It wasn’t a hard job, not even for a 5-year-old: pruning the flower garden. But, the clippers were difficult to open and close for little fingers, and Ruth’s grandson would have preferred to sweep. He pretended to finish his task quickly and told Grammie he was done. She inspected his work, then gently explained what needed to be corrected. The next day, Ruth assigned the same task … with the same hasty incompletion. Again, she patiently explained what was missing and then, while pressing a few coins into her grandson’s hands for the work he had done, explained that he didn’t need to return to work the next day. He had been fired — by Grammie!
That was Ruth McKee, and her gentle but firm approach left a lasting impression that continues to inspire that grandson, and all of her family members who lead McKee Foods Corporation today. Always a faithful educator, always a clear and kind businesswoman, education ran through everything that Ruth did, even if indirectly.
A 1926 graduate of Southern Junior College (now Southern Adventist University), Ruth left her career goal of being a teacher to run a manufacturing company with her husband, O.D. McKee, but she didn’t leave her passion for teaching. Instead, she used their company as a platform for teaching principles of community and Christianity by example.

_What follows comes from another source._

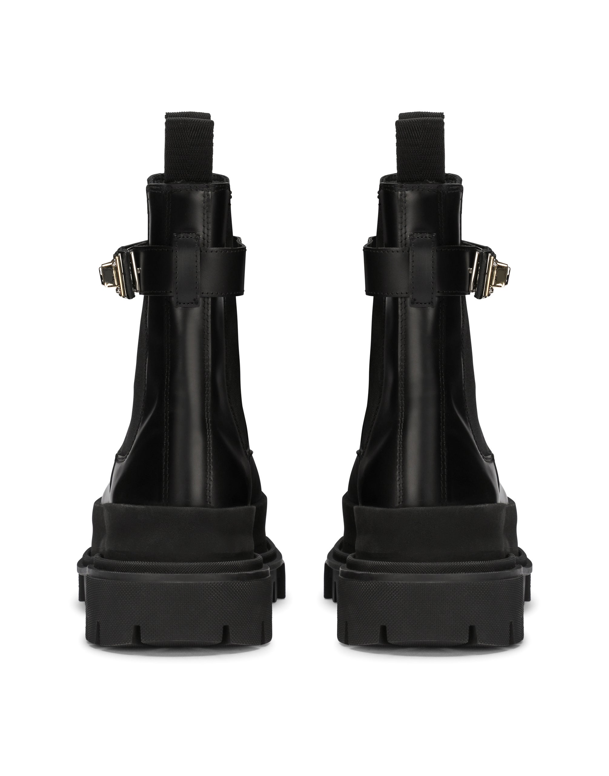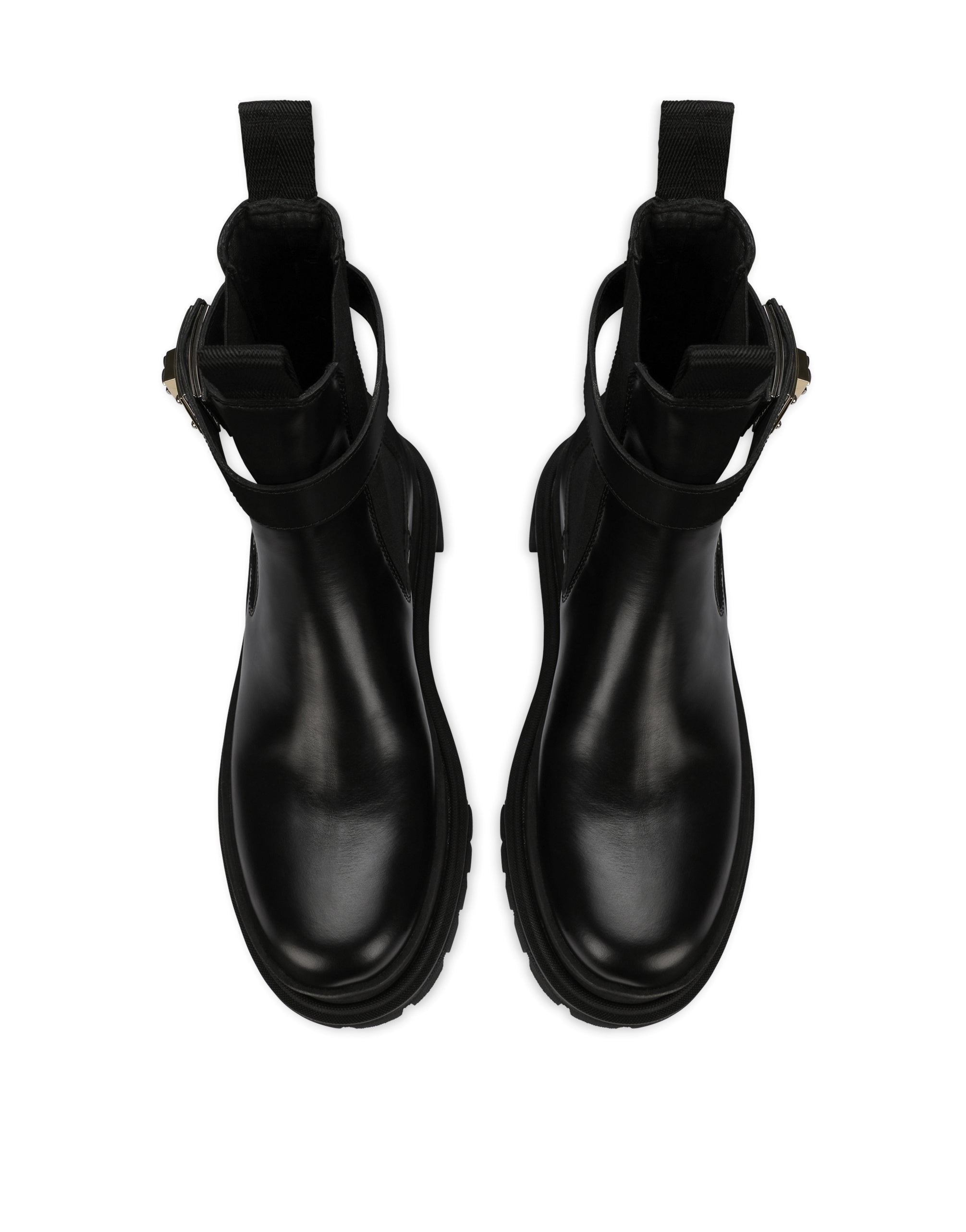 The new collection presents a new vision and interpretation of reality, where the woman pays tribute to the Dolce&Gabbana logo by putting a contemporary edge on it. Black and white hues are the stars, celebrating the uniqueness and individuality of entire generations. Versatile and contemporary, these new calfskin ankle boots feature a branded strap with light gold-plated fastening. • Elastic inserts on the sides • Calfskin footbed with branded label • Rubber bottom assembly • Rubber outsole • Item comes with themed packaging • Made in Italy

When the company bought a building for manufacturing in 1954, Ruth immediately removed the segregation signs from the bathrooms; segregation wasn’t happening at her company. The lesson rang loud and clear for her employees and the entire community. Another time, after executing a contract for flour at a certain rate, the weather turned and the supplying farm couldn’t fulfill the agreement without sustaining a significant loss. Ruth renegotiated and paid the higher going rate, allowing the farm to survive and supply McKee Foods for many more years.
While O.D. excelled in salesmanship, Ruth managed personnel, purchasing, transportation, and all other aspects of a growing business through the days of the Great Depression and while raising a growing family. At the time of her death in 1989, Ruth held the positions of director and senior vice president of the largest manufacturing firm in Tennessee’s Hamilton County.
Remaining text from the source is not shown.